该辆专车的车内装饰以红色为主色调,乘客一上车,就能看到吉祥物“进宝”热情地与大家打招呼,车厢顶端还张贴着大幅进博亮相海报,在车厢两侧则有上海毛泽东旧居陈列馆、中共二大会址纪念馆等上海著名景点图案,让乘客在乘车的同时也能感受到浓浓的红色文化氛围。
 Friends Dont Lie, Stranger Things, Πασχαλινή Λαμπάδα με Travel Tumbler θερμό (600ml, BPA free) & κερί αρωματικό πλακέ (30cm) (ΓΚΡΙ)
...
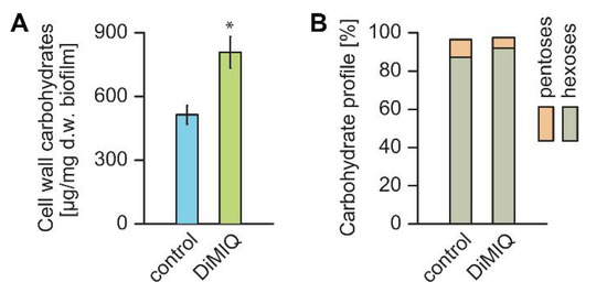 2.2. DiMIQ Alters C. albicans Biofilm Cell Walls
...
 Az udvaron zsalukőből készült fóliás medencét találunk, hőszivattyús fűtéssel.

**ASSIGNMENT**
Taking the listing above as the source, transcribe only the lines starting at the line with "该辆专车的车内装饰以红色为主" and going through the line with "Friends Dont Lie, Stranger", unaltered and with both ends included.

**RESULT FOR THIS TASK**
该辆专车的车内装饰以红色为主色调,乘客一上车,就能看到吉祥物“进宝”热情地与大家打招呼,车厢顶端还张贴着大幅进博亮相海报,在车厢两侧则有上海毛泽东旧居陈列馆、中共二大会址纪念馆等上海著名景点图案,让乘客在乘车的同时也能感受到浓浓的红色文化氛围。
 Friends Dont Lie, Stranger Things, Πασχαλινή Λαμπάδα με Travel Tumbler θερμό (600ml, BPA free) & κερί αρωματικό πλακέ (30cm) (ΓΚΡΙ)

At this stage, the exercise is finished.